• _Your instructions_:
Write out exactly the lines below that run from the line containing "図-4.28 屋根大梁端部(突出部の鋼板は改修時のもの)" through the last line of the records.

• _Dataset entries_:
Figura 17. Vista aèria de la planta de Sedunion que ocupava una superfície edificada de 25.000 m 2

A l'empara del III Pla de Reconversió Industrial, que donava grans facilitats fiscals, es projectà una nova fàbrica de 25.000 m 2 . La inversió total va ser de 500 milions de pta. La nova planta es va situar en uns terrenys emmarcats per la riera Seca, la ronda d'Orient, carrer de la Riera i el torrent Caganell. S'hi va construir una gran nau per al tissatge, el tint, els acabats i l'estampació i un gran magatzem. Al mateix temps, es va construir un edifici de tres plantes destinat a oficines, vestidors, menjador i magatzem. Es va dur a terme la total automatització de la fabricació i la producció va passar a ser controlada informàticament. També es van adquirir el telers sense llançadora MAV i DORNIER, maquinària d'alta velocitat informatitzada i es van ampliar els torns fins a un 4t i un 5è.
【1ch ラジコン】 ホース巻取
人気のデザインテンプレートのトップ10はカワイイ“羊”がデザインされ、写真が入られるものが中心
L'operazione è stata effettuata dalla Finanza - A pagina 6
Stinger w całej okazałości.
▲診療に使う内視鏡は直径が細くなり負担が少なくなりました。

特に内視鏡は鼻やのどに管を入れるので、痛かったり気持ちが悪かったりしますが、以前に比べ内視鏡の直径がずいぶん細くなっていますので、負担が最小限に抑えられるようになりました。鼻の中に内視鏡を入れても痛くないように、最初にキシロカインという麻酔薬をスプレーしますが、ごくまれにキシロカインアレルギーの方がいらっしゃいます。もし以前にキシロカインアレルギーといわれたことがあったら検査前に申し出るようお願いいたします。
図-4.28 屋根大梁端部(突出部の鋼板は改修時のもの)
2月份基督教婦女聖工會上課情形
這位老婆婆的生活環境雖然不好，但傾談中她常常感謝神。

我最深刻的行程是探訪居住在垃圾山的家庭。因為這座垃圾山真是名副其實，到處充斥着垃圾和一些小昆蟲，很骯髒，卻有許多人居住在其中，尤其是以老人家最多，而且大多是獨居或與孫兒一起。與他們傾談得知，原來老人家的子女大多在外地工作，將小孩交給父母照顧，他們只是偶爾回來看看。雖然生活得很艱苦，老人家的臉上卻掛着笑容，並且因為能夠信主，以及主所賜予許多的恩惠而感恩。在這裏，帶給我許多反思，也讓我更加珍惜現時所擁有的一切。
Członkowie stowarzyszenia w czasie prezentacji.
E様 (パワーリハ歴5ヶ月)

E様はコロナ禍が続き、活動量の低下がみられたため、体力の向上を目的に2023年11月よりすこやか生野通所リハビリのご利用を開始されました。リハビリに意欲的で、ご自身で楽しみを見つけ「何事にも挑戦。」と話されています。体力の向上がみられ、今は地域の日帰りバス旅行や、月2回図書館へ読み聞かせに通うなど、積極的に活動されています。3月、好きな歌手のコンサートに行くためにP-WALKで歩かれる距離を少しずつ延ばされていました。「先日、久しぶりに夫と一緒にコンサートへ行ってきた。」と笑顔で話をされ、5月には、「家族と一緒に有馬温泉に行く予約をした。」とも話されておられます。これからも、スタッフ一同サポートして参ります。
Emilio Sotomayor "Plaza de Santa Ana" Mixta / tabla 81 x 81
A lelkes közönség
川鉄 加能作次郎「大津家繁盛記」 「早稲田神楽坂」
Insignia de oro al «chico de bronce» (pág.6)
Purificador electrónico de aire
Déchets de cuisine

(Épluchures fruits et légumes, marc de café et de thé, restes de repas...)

• _The completed task_:
図-4.28 屋根大梁端部(突出部の鋼板は改修時のもの)
2月份基督教婦女聖工會上課情形
這位老婆婆的生活環境雖然不好，但傾談中她常常感謝神。

我最深刻的行程是探訪居住在垃圾山的家庭。因為這座垃圾山真是名副其實，到處充斥着垃圾和一些小昆蟲，很骯髒，卻有許多人居住在其中，尤其是以老人家最多，而且大多是獨居或與孫兒一起。與他們傾談得知，原來老人家的子女大多在外地工作，將小孩交給父母照顧，他們只是偶爾回來看看。雖然生活得很艱苦，老人家的臉上卻掛着笑容，並且因為能夠信主，以及主所賜予許多的恩惠而感恩。在這裏，帶給我許多反思，也讓我更加珍惜現時所擁有的一切。
Członkowie stowarzyszenia w czasie prezentacji.
E様 (パワーリハ歴5ヶ月)

E様はコロナ禍が続き、活動量の低下がみられたため、体力の向上を目的に2023年11月よりすこやか生野通所リハビリのご利用を開始されました。リハビリに意欲的で、ご自身で楽しみを見つけ「何事にも挑戦。」と話されています。体力の向上がみられ、今は地域の日帰りバス旅行や、月2回図書館へ読み聞かせに通うなど、積極的に活動されています。3月、好きな歌手のコンサートに行くためにP-WALKで歩かれる距離を少しずつ延ばされていました。「先日、久しぶりに夫と一緒にコンサートへ行ってきた。」と笑顔で話をされ、5月には、「家族と一緒に有馬温泉に行く予約をした。」とも話されておられます。これからも、スタッフ一同サポートして参ります。
Emilio Sotomayor "Plaza de Santa Ana" Mixta / tabla 81 x 81
A lelkes közönség
川鉄 加能作次郎「大津家繁盛記」 「早稲田神楽坂」
Insignia de oro al «chico de bronce» (pág.6)
Purificador electrónico de aire
Déchets de cuisine

(Épluchures fruits et légumes, marc de café et de thé, restes de repas...)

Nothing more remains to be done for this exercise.